Already mired in consumer debt, working families nonetheless took the bait. When housing values fell, well, the “American Dream” became the “American Nightmare” that many are living right now (though it’s the rich that are mostly being bailed out, not working families who are facing foreclosure, unemployment and further income declines).

So what does all this have to do with the Workers’ Center and local unions? For more than 10 years, the Workers’ Center (and its predecessor, the Living Wage Coalition) has worked side by side with local trade unions to raise the incomes of working families. Blue collar workers represented by UAW Local 2300, for example, earn wages between $12.50 and $23 per hour with health insurance, retirement benefits and due process in the workplace. Many of these families still struggle to raise their families in the way they would like, but those wages are generally significantly higher than workers who do the same work in non-union situations receive. It is the non-union workers who are the focus of the Workers’ Center, and it has had some success in establishing a local living-wage standard and raising the wage bar for local hotels and other employers.

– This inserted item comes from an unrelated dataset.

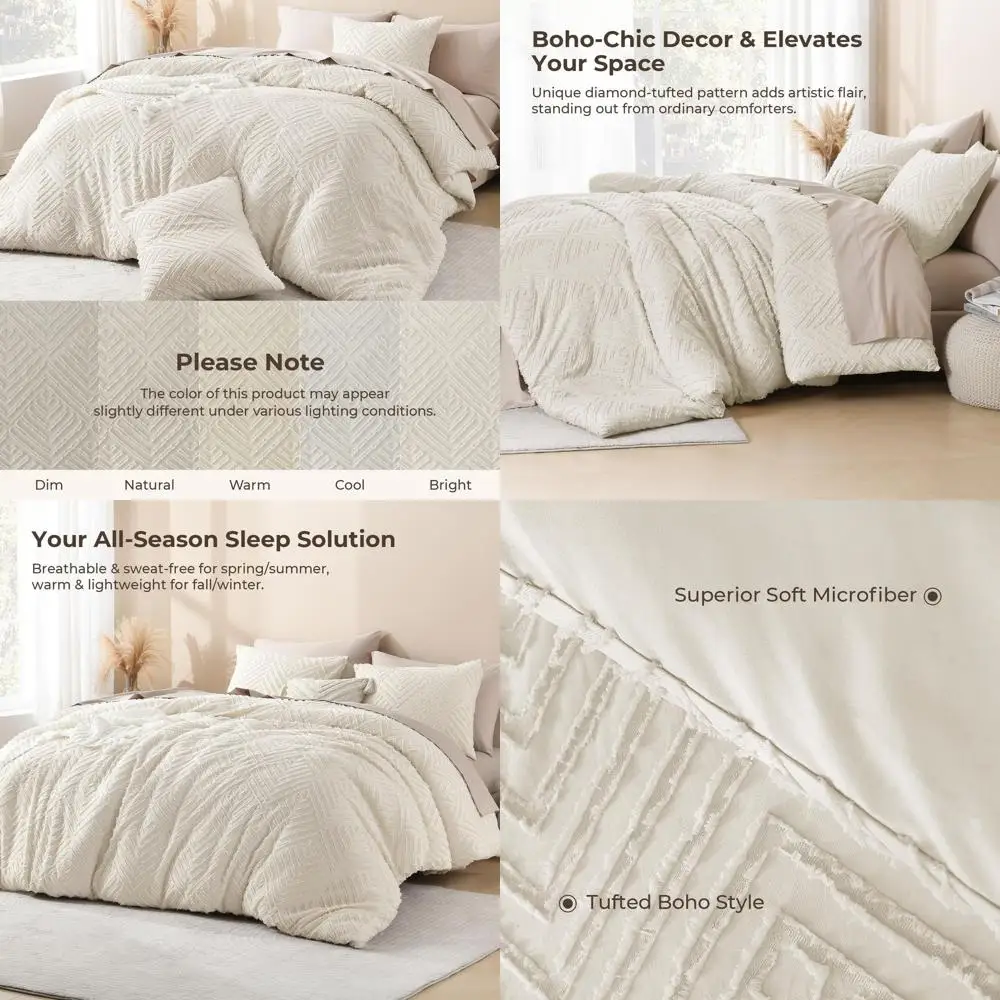 Beige 3-Piece Cream Tufted Boho Farmhouse Comforter Set, Lightweight Fluffy All-Season Bedding (104x90 Comforter, 2 Pillowcases) $25.60
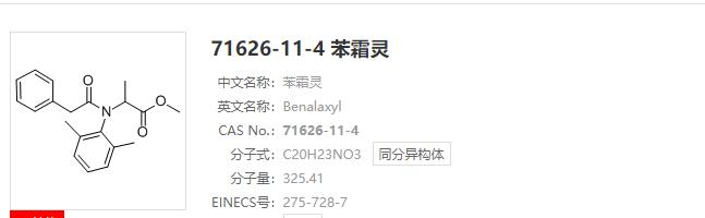 中文同义词:本达乐;灭菌安/苯霜灵;灭菌安;甲醇中苯霜灵;苯霜灵溶液,1000PPM;苯霜灵标准品;苯霜灵溶液,100PPM;6-二甲基苯基)-DL-ALPHA-氨基丙酸甲酯英文名称:Benalaxyl

The financial crisis shows how essential the work of organizations like Workers’ Center and UAW Local 2300 is. But it shows also how much more work is needed. Unless government at all levels recognizes and deals with the low and declining incomes working families are experiencing (one simple but important measure would be passing the Employee Free Choice Act; another would be raising the minimum wage to a living wage), and until more workers organize to fight for better wages and benefits, I’m afraid little will change.

So the ever expanding bailout may be needed, but, as Leonhardt tells us, it won’t solve the problem. That will be much harder. Unless government also strengthens unions and moves to ease the stagnation of incomes for working families we will shortly be back where we started.